A Scalable Data Stream Mining Methodology: Stream-based Holistic Analytics and Reasoning in Parallel


研究目標: The research target is to design and develop a data-stream-mining system, which is "holistic" meaning it is able to produce a decision-support model of highest possible accuracy in data-mining data streams.


研究內容: In this project, a scalable data stream mining called Stream-based Holistic Analytics and Reasoning in Parallel (SHARP) is proposed. SHARP is holistic because it consists of several components and they target to improve different aspects of data mining functions such as smoothing the input data streams, reducing the feature search space, finding the optimum feature subset, optimizing parameter values for the classifiers, and allowing incremental classifiers to go ensemble by spawning different classifiers in parallel. Preliminary experiments for three individual components have been tested and demonstrated superiority over existing methods, by our previously published literature. In this project, it is planned that all the components would be fully integrated and tested as a holistic data stream mining system that can produce the best possible performance. It is anticipated that SHARP is capable of eliminating some of the key problems in Big Data especially those associated with high-dimensionality and infinite and continuous data streams.

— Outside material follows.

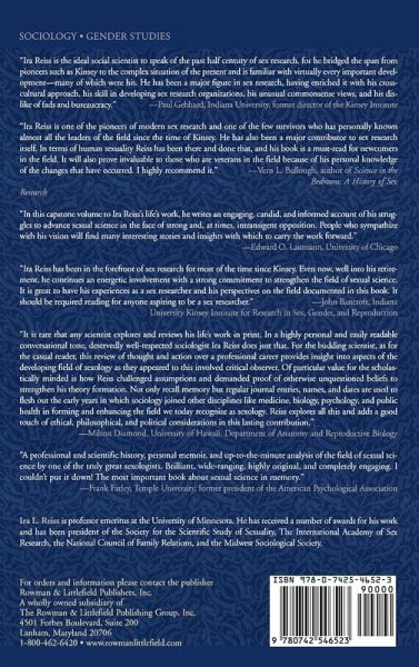 Ira Reiss is one of the pioneers of modern sex research and one of the few survivors who has personally known almost all the leaders of the field since the time of Kinsey. He has also been a major contributor to sex research itself. In terms of human sexuality Reiss has been there and done that, and his book is a must-read for newcomers in the field. It will also prove invaluable to those who are veterans in the field because of his personal knowledge of the changes that have occurred. I highly recommend it. -- Vern L. Bullough, author of Science in the Bedroom: A History of Sex Research Ira Reiss has been in the forefront of sex research for most of the time since Kinsey. Even now, well into his retirement, he continues an energetic involvement with a strong commitment to strengthen the field of sexual science. It is great to have his experiences as a sex researcher and his perspectives on the field documented in this book. It should be required reading for anyone aspiring to be a sex researcher. -- John Bancroft, Kinsey Institute for Research in Sex, Gender, and Reproduction Ira Reiss is the ideal social scientist to speak of the past half century of sex research, for he bridged the span from pioneers such as Kinsey to the complex situation of the present and is familiar with virtually every important development-many of which were his. He has been a major figure in sex research, having enriched it with his cross-cultural approach, his skill in developing sex research organizations, his unusual commonsense views, and his dislike of fads and bureaucracy. -- Paul Gebhard, Indiana University, former director of the Kinsey Institute It is rare that any scientist explores and reviews his life work in print. In a highly personal and easily readable conversational tone, deservedly well-respected sociologist Ira Reiss does just that. For the budding scientist, as for the casual reader, this review of thought and action over a professional career provides insight into aspects of the developing field of sexology as they appeared to this involved critical observer. Of particular value for the scholastically minded is how Reiss challenged assumptions and demanded proof of otherwise unquestioned beliefs to strengthen his theory formation. Not only recall memory but regular journal entries, names, and dates are used to flush out the early years in which sociology joined other disciplines like medicine, biology, psychology and public health in forming and enhancing the field we today recognize as sexology. Reiss explores all this and adds a good touch of ethical, philosophical, and political considerations in this lasting contribution. -- Milton Diamond, University of Hawaii, Department of Anatomy and Reproductive Biology A professional and scientific history, personal memoir, and up-to-the-minute analysis of the field of sexual science by one of the truly great sexologists. Brilliant, wide-ranging, highly original, and completely engaging. I couldn't put it down! The most important book about sexual science in memory. -- Frank Farley, Former President, American Psychological Association In this capstone volume to Ira Reiss' life's work, he writes an engaging, candid, and informed account of his struggles to advance sexual science in the face of strong and, at times, intransigent opposition. People who sympathize with his vision will find many interesting stories and insights with which to carry the work forward. -- Edward O. Laumann, University of Chicago This informative and entertaining book is a must read for those who will now contribute to and shape the sexual science landscape. Essential. CHOICE Reiss allows readers a glimpse into the personal and professional experiences that shaped his own views on sexuality...This is a thought-provoking volume, Reiss effectively demonstrates the important contributions that he and other sexual scholars made to national and international policies such as that concerning HIV/AIDS, highlighting the significance of academic research and writing that extends beyond the university. Anyone interested in the history of medicine, science , or the academy as well as sexual studies would fin much of use in this book. Journal Of The History Of Sexuality, September 2010

預期研究成果或擬解決問題: The end result is anticipated to generate a new breed of data stream mining system, which is holistic by design as it embraces: incremental feature selection, parameters optimization, ensemble bagging, and factors analysis/understanding, all for achieving the best possible data mining performance. In particular, this data stream mining system is intended to solve at least 2 Big Data problems, namely high-data-dimensionality, and potentially infinite amount in volume.